At the moment, by the time you
are a proper grown up, in your thirties say, you will appear on literally
hundreds of direct marketing lists. Some are well run, properly sold and you
can get off them if you try hard, and if you sign up for telephone preference
services or mail preference services, you should not be contacted by anyone
following the laws. And some aren’t.
The Information Commissioner,
Chris Graham, and his Info Hordes (I like to think of him rather like Genghis
Khan) fine people who ignore this sort of stuff, but he doesn’t catch everyone
by any means. I am on the aforementioned preference services and I still get
the chance to buy Viagra most days of the week (although we all get much less
junk email now because ISP’s are getting better at preventing the real dross).
Opt In will decimate every decent
list, because despite popular rumour, turkeys don’t vote for Christmas. Given
the option whether to receive marketing messages or not, most of us will choose
not. Not that there are many decent lists to be honest, but that is a whole
different subject.
And what will that leave us with?
Well, at the top end, and this is
a fair bit of volume driven by Charities, banks, insurance companies and the
like, direct marketing will reduce. There will simply be less data available.
And at the bottom end, where scant regard for the rules is paid, not much will
change at all. The regulators will hurt the good guys and the bad guys will
carry on regardless.
Which is the trouble with all
regulations, says he, trying to get back on topic. Genghis Graham brings his
mighty scimitar down on the guilty...and rightly so...but those who fall foul
of the regulations and get caught are almost always the big boys. In data
breach terms that means the major businesses who own up, because most of the
people who get fined for losing data have followed the rules and ‘fessed’ up to
their own disaster.
Smaller, less high profile businesses
who screw up keep quiet and hope for the best. Or they break the rules
deliberately to save money and they take the chance. Regulations won’t stop
that sort of behaviour.
Deterrents reduce ‘crime’ they do not eradicate it.
My own personal passion regarding
data is more about education. We should all understand what our personal
information means to us, and that it has value. Right from the time when a kid
gets their first mobile phone or laptop they need to be taught what is going to
happen when they sign up for anything, buy anything or do anything. In
business, we need to understand best practise and be helped to do the right
thing (and understand what the right thing is and why it is right) rather than
threatened with a fate worse than death if we screw up.
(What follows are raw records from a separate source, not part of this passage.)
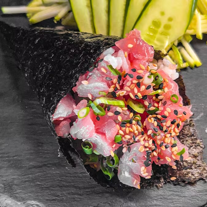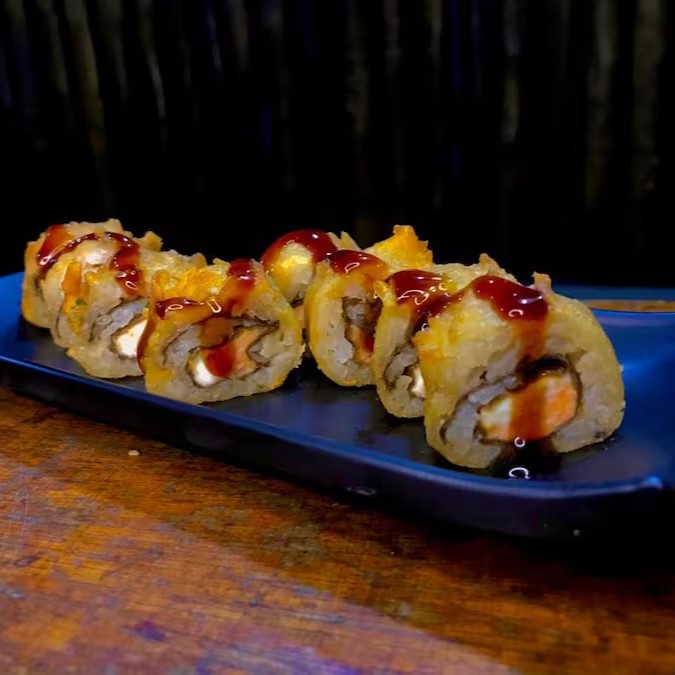 O Uramaki Skin é uma harmoniosa mistura de tradição e modernidade. Composto por 8 unidades, esse sushi exibe um exterior de arroz cuidadosamente moldado e envolto em uma fina camada de alga nori. Seu interior é acentuado com arroz branco perfeitamente cozido, mas o toque final é o que realmente se destaca. A pele de salmão, grelhada ao ponto de uma crocância perfeita que ressalta seu sabor rico e suave, transforma cada unidade do Uramaki Skin em uma experiência gastronômica única. Um prato indispensável para os amantes da culinária japonesa.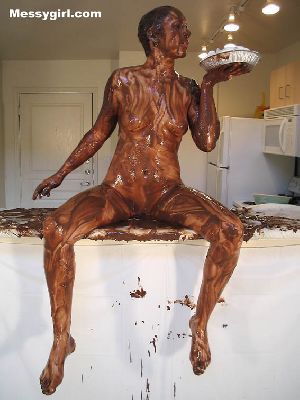 Liz is dressed as a sexy chef and makes a total mess of herself in batter, pies, chocolate and a sheet cake that she sits on!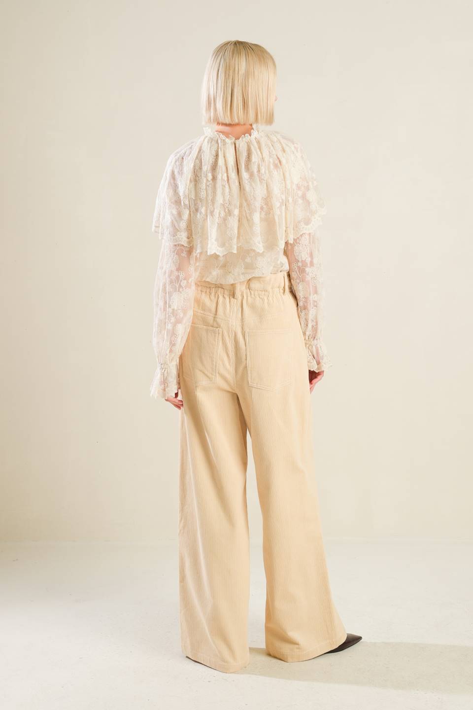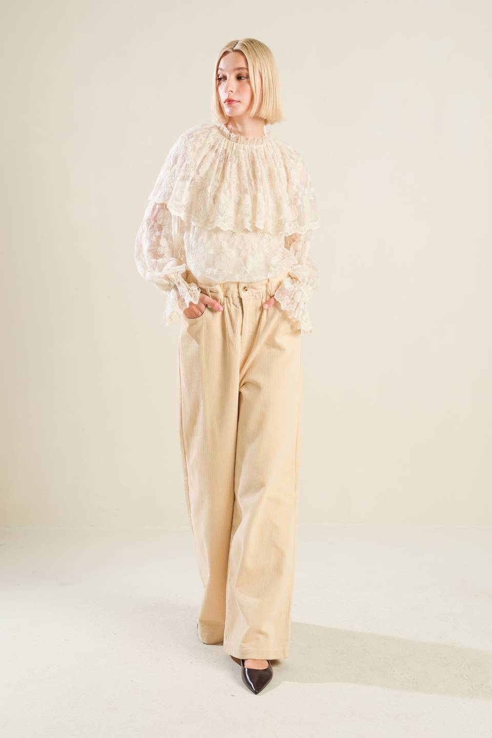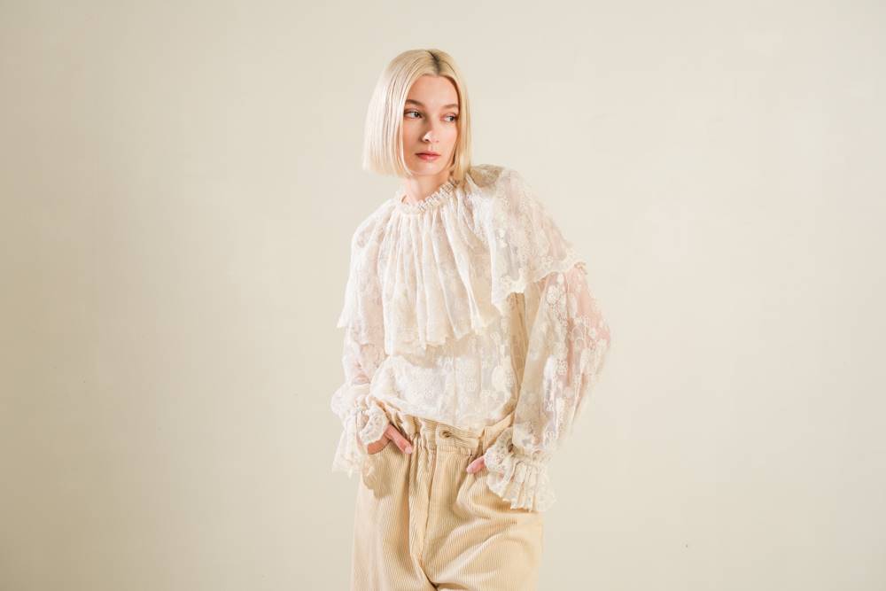 A woven lace top with laced edge neckline, long sleeve and back neck button closure

In data marketing terms, there
will always be marketing lists, so there should be a legitimate way to build
them, but the regulators must also find a way to go after the cowboys in the
black hats, not the ones in grey and white. In date security terms, we have to
make it easier for people to do the right things, both in terms of cost and in
terms of access to a reputable service.
Either that or we keep on fining
big businesses who make mistakes and let all the real chancers carry on getting
away with it.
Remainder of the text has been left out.